When the CCO pod is restarted due to a proxy CA change, the old pod does not relinquish its leader election. This results in an 8-minute delay before the new pod can service credentials requests.

Old pod
> time="2021-02-09T20:13:57Z" level=info msg="became leader" id=6706a11c-b8b2-409f-b9bb-3d26b65685b3
> <snip>
> time="2021-02-09T20:19:18Z" level=info msg="Proxy CA configmap change detected, restarting pod" configmap=openshift-cloud-credential-operator/cco-trusted-ca controller=configmap

New pod
> time="2021-02-09T20:19:20Z" level=info msg="generated leader election ID" id=0c26d32c-3526-43e9-9884-e8aacf4ed20c
> I0209 20:19:20.003479       1 leaderelection.go:243] attempting to acquire leader lease  openshift-cloud-credential-operator/cloud-credential-operator-leader...
> time="2021-02-09T20:19:20Z" level=info msg="current leader: 6706a11c-b8b2-409f-b9bb-3d26b65685b3"

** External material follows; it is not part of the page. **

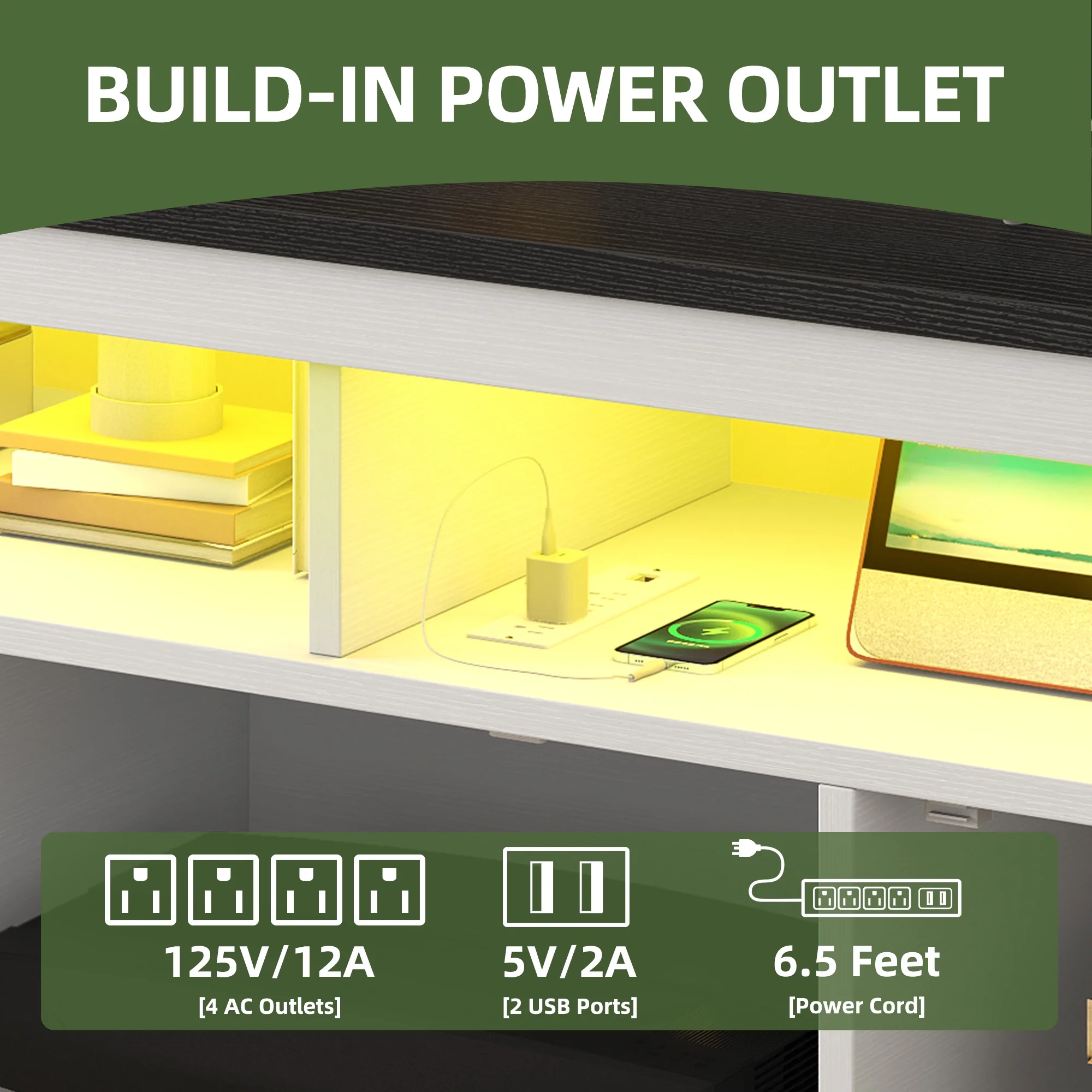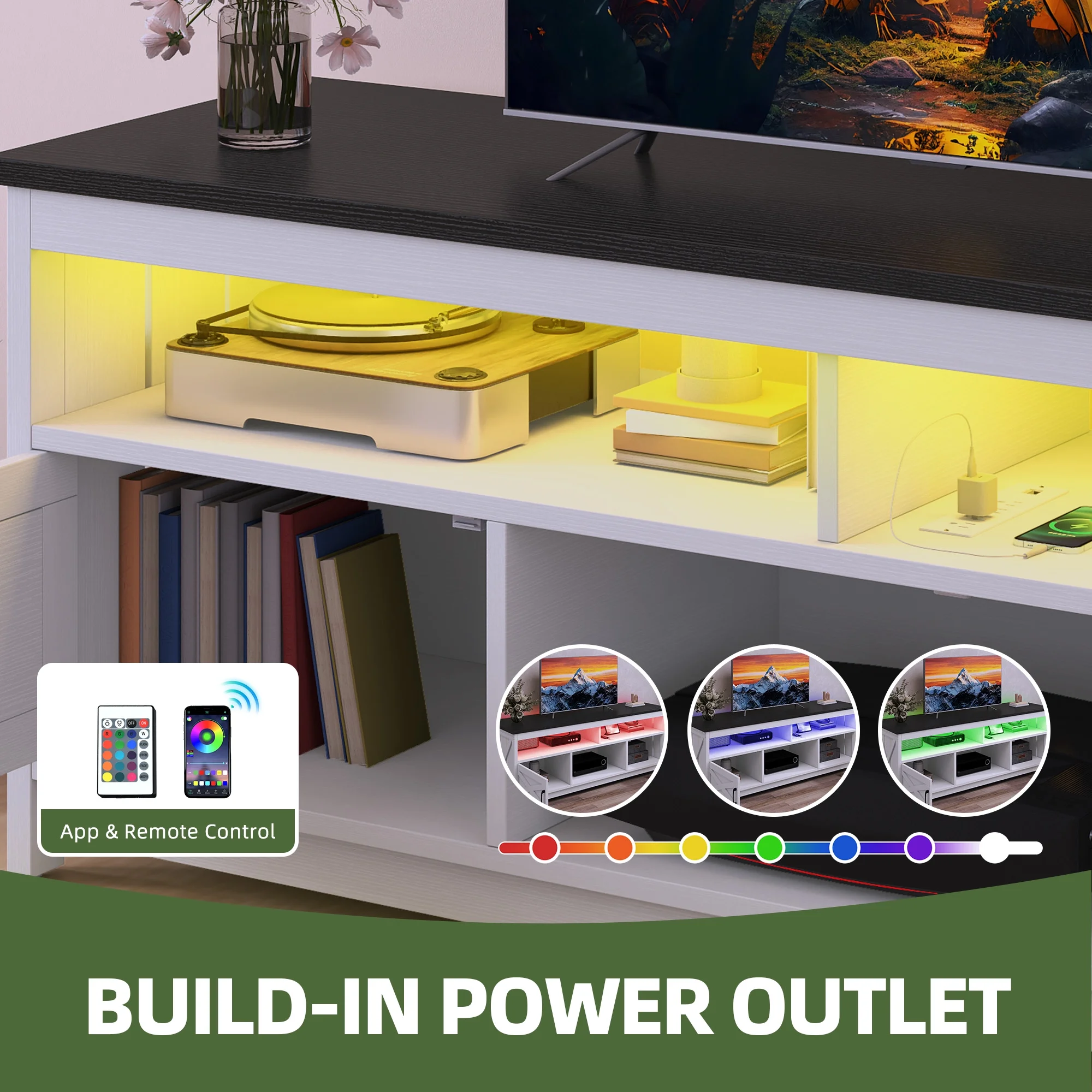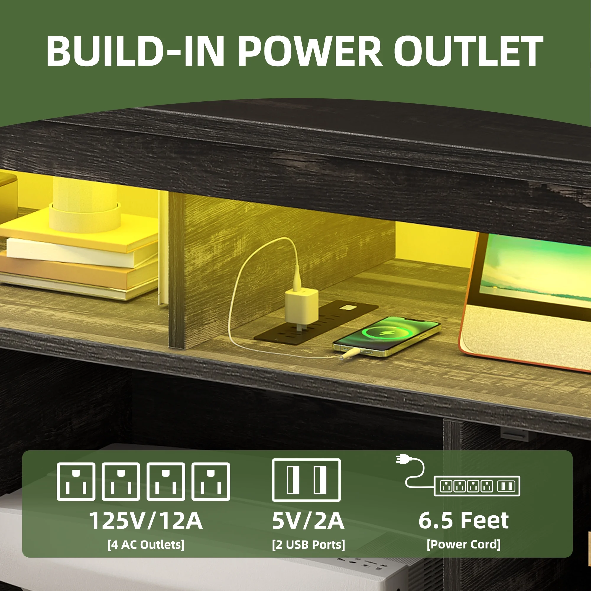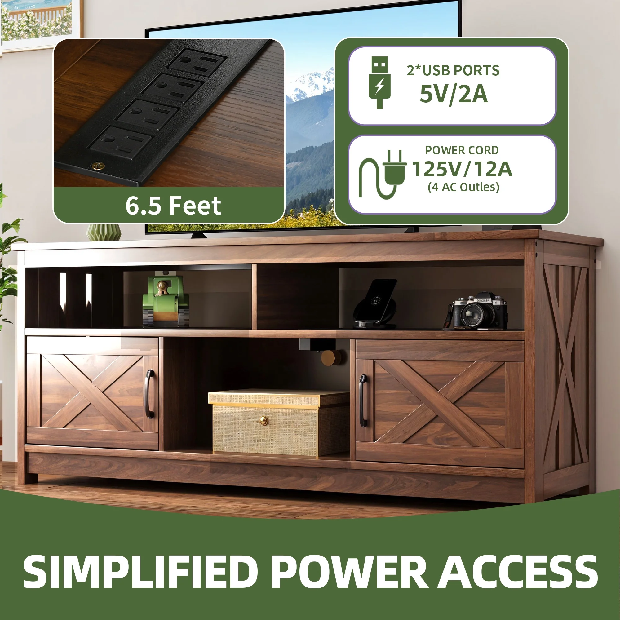 - Stay Powered Up: Say goodbye to outlet overload. With 2 USB ports and 4 standard plug outlets built into the TV stand, charge your TV, Wi-Fi router, DVD player, and more in one spot. No more searching for an outlet when you need it most.

The consequence of this is that the installation takes longer as the worker machines cannot be started during the CCO downtime.

Comment 1 Matthew Staebler 2021-02-09 20:41:47 UTC

Created attachment 1756047 [details]
in-cluster CCO log

From the in-cluster CCO,
> time="2021-02-09T20:21:36Z" level=info msg="generated leader election ID" id=7fca7590-766b-4709-a7be-104708a1260f
> I0209 20:21:36.858036       1 leaderelection.go:243] attempting to acquire leader lease  openshift-cloud-credential-operator/cloud-credential-operator-leader...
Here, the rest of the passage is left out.